Martino Michele Battaglia

CULTURA. San Domenico in Soriano-485° Anniversario della Calata del «Quadro»

CULTURA. San Domenico in Soriano-485° Anniversario della Calata del «Quadro» Martino Michele Battaglia 

«Contea fu già questa Terra, co’ suoi tre villaggi, S. Basilio, Santa Barbara, e Motta S. Angiolo, de’ Primogeniti de’ Duchi di Nocera Carafi, trattenitori di splendida Corte, e Cavallerizza, oggi estinti. Dalla Regal Camera l’acquistarono i padri qui di S. Domenico nell’anno 1652, per ottantaquattromila ducati. Siede in sito elevato, e discosto per poche miglia dal mare, Nel più basso però posa il Convento, e la Chiesa. Magnifica è questa, ancorché riparata dal grave danno de’ Tremuoti, cui soggiace la Provincia, allargandosi con varie cappelle di fondo, e di architettura moderna, alzando cupola, e cornicione.

  

 Ha luogo nell’altar maggiore, sempre ricco di candelieri, e vasi di argento col paliotto di ricamo, la Sagra Immagine in tela di celeste pennello, si com’è fama, con diversi ornamenti, quasi che sempre vi si celebrasse la festa.

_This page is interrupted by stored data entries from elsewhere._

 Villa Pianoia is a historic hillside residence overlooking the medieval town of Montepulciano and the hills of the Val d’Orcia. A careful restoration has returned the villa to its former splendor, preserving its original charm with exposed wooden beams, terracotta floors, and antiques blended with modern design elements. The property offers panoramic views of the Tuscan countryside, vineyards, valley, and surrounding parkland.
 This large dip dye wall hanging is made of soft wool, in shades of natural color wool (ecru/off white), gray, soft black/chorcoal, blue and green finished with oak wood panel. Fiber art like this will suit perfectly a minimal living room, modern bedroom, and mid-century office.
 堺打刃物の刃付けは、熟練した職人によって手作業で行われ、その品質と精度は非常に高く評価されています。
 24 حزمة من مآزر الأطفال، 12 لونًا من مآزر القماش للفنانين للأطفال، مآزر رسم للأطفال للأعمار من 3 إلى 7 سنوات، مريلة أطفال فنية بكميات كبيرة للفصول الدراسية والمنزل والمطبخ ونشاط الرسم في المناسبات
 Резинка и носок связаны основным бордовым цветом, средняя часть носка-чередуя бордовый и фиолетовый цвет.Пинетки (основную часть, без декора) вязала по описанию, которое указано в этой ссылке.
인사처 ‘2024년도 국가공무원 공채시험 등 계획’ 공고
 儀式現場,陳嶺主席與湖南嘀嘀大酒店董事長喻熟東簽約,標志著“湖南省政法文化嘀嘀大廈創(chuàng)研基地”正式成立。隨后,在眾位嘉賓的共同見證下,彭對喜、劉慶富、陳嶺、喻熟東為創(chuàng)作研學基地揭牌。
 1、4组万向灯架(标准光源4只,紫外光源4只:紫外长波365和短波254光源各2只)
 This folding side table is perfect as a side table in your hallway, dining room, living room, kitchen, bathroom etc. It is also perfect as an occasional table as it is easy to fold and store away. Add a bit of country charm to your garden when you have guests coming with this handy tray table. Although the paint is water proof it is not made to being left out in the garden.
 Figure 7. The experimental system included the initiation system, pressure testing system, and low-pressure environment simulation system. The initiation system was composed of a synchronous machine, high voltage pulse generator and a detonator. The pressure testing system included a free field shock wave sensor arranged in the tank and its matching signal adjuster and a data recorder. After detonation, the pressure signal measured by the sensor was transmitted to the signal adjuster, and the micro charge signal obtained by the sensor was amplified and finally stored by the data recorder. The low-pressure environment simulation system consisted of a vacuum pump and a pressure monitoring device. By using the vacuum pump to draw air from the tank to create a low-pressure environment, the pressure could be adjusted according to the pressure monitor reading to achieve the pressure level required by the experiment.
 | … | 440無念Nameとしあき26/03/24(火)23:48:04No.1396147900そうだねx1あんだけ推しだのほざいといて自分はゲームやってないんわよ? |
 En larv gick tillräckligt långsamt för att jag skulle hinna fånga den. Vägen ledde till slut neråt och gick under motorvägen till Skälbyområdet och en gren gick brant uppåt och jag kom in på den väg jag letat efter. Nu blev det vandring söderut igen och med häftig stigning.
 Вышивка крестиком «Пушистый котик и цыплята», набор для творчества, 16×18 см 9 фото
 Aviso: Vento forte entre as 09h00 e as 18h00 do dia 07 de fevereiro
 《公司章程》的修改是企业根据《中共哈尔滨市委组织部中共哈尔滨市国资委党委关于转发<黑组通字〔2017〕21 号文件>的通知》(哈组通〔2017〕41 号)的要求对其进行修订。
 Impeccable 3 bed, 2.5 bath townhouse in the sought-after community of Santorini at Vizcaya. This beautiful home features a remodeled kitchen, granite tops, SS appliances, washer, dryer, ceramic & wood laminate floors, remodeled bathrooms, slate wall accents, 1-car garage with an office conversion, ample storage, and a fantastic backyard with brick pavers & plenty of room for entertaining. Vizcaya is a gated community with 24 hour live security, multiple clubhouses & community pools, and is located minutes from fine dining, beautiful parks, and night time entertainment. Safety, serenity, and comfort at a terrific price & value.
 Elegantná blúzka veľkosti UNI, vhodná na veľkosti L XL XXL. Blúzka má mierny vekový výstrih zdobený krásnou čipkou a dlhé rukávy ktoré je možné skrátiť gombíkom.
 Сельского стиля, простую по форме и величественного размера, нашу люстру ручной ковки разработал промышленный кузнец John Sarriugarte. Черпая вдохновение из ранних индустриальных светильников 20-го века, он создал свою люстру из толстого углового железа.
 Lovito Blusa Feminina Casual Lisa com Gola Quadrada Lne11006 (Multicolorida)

Più lampane pur di argento, del continovo l’illuminano, apparendo fra colonne di marmo, sovra il tabernacol di gemme, e alabastri per la Venerabil Eucarestia, sostenuta da una meza figura parimente in argento della Beatissima Vargine: mentre rimangon su le porte laterali del choro, largo di giro, co’ seggi di capriccioso intaglio di noce, le statue di marmo, delle Sante Caterina Vergine e Martire, e Maria Maddalena».

 

Inizia così la descrizione di Soriano e della “Santa Casa” di San Domenico di Giovanni Battista Pacichelli. Il racconto fa parte del diario dei suoi viaggi pubblicato nel volume: Il Regno di Napoli in prospettiva diviso in dodici provincie. Nei suoi appunti su Soriano, l’abate decanta oltre all’imponenza del convento con la sua monolitica costruzione, il valore delle ricchezze costituite da innumerevoli opere d’arte, con particolare riferimento alla copiosa biblioteca, apprezzata da diversi storici ed eminenti studiosi che la definirono, a ragione, una delle meraviglie dell’Italia Meridionale. Pacichelli, alla stregua di altri autori (Silvestro Frangipane, Antonino Lembo, Domenico Taccone-Gallucci, Antonino Barilaro) attesta che la fioritura del culto popolare in onore del Santo di Caleruega si affermò definitivamente agli inizi del Seicento. Ciò accadde in virtù della miracolosa Immagine del Santo Patriarca Domenico che, attraverso la cosiddetta «Calata del Quadro», volle trasmigrare il suo spirito a Soriano Calabro. Efficace è a riguardo il pensiero di Jansen che afferma: «il corpo di San Domenico riposa a Bologna, ma il suo spirito è a Soriano».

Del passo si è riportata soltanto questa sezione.